The DAG infers edges: preprocess@raw_a → merge and preprocess@raw_b → merge (via matching output/dep paths).

View the expanded DAG:

crab dag
# Shows: preprocess@raw_a, preprocess@raw_b, merge
# with edges from both preprocess stages to merge

Lockfile

The lockfile records expanded stages individually. No foreach or matrix structure is preserved:

# crab.lock (excerpt)
stages:
  preprocess@raw_a:
    stage_hash: "b3:abc..."
    cmd:
      shell: "python clean.py raw_a"
    deps:
      - path: "raw_a.csv"
        hash: "b3:..."
    outs:
      - path: "raw_a_clean.csv"
        hash: "b3:..."

  preprocess@raw_b:
    stage_hash: "b3:def..."
    cmd:
      shell: "python clean.py raw_b"
    # ...

Each expanded stage has its own hash and is cached independently.

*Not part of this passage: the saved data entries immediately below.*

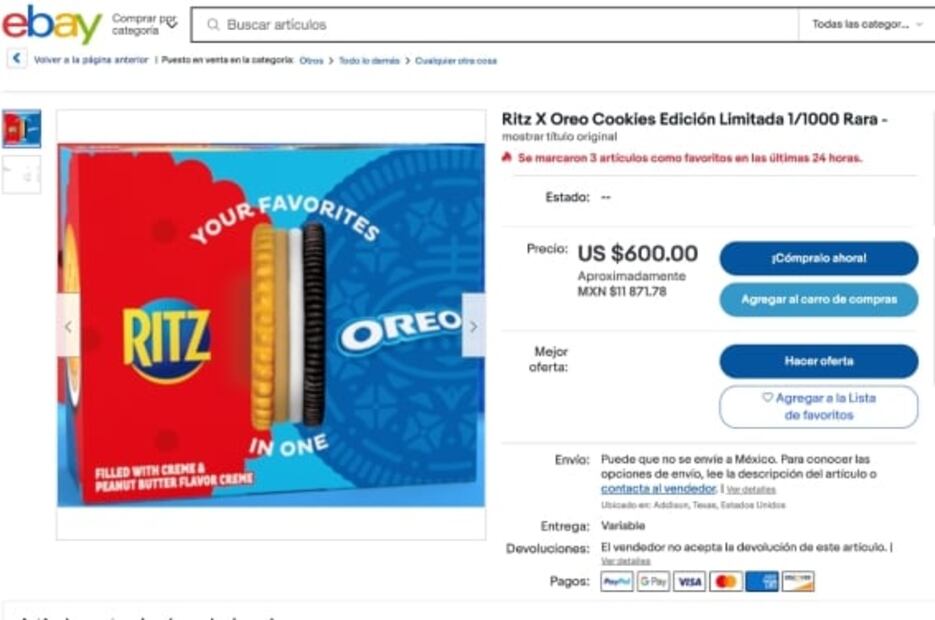 El estremecedor recibimiento y altas expectativas de la Oreo x Ritz motivó a que ciertas personas se pasaran de vivas y consiguieran la edición súper limitada, para revenderlas en sitios como Ebay, donde una sola caja ronda los 600 dólares, algo así como 11 mil pesos mexicanos. Así, las galletas que no llevan ni un día de existencia y ya son todo un santo grial de la comida comercial.
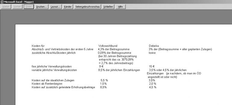 Granini Dezember 23, 2008 So, alle Kosten bei einer klassischen Rentenversicherung beim Volkswohlbund stehen ja eingescannt hier im Thread. Zum Abschluß stelle ich jetzt mal als Vergleich dazu die Kosten bei einer klassischen Rentenversicherung bei der Debeka hier rein, siehe Anlage: Super, danke für die Übersicht! Jetzt fehlen nur noch alle anderen Riester-Anbieter, dann haben wir einen Super-Vergleich! Diesen Beitrag teilen Link zum Beitrag
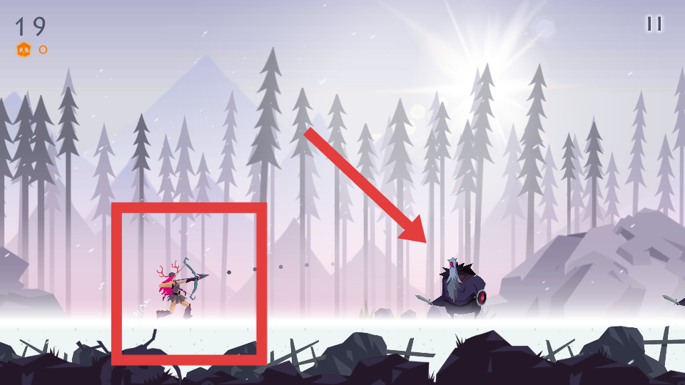 2、進入游戲場景后玩家操控維京射手通過滑動屏幕或點擊等操作方式,控制射手瞄準并射擊迎面而來的敵人,精準射擊敵人避免被敵人近身攻擊。
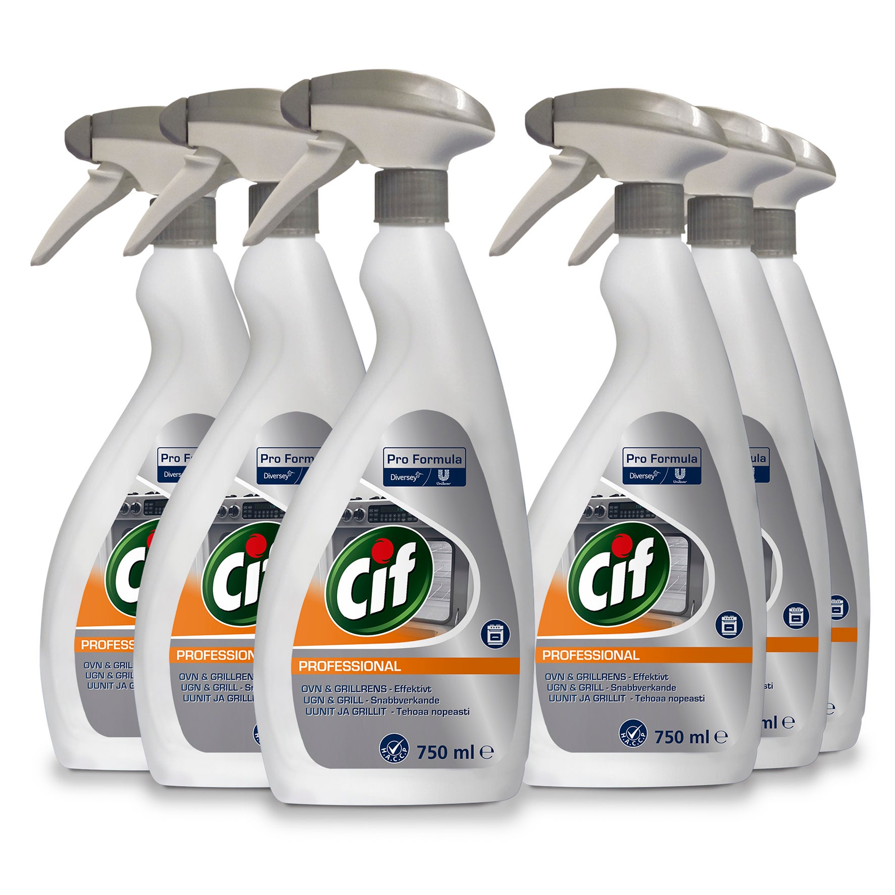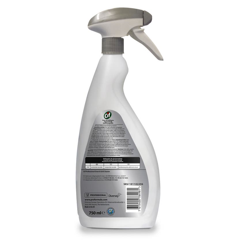 Cif Pro Formula Oven & Grill är ett giftfritt, kraftfullt rengöringsmedel som tar bort envisa fett- och kolavlagringar från ugnar och grillar. För användning på ugnar, grillar och andra ytor för svårbemästrade fett- och kolavlagringar. Får inte användas på aluminium, icke-alkalibeständiga ytor eller självrengörande paneler. Tar snabbt bort hårt intorkat fett och inbränd mat. Lämplig för ugnar, grillar, salamandrar och stekplattor. Säker att använda, icke frätande och inte brandfarlig.

Changing one item's input only invalidates that item's stage.

--validate

Validation expands all foreach and matrix stages and reports them individually:

$ crab run --validate
Pipeline validated successfully.

Stages (5):
  preprocess@raw_a    ✓
  preprocess@raw_b    ✓
  preprocess@raw_c    ✓
  merge               ✓
  report              ✓

No undefined references.
No name collisions.

Validation catches:

Undefined ${item.field} references (field doesn't exist on the item)
Name collisions between expanded stages
Empty foreach lists or matrix variables
Invalid suffixes that violate the stage name grammar

crab status

Status reports expanded stages individually:

$ crab status
  preprocess@raw_a:  up-to-date
  preprocess@raw_b:  outdated
    changed deps:
      - raw_b.csv (content modified)
  preprocess@raw_c:  up-to-date
  merge:             outdated (upstream: preprocess@raw_b)

Selective execution

Run a single expanded stage by its full name:

crab run preprocess@raw_b

Or use glob patterns to target a subset:

crab run --stages 'preprocess@*'
crab run --stages 'train@resnet-*'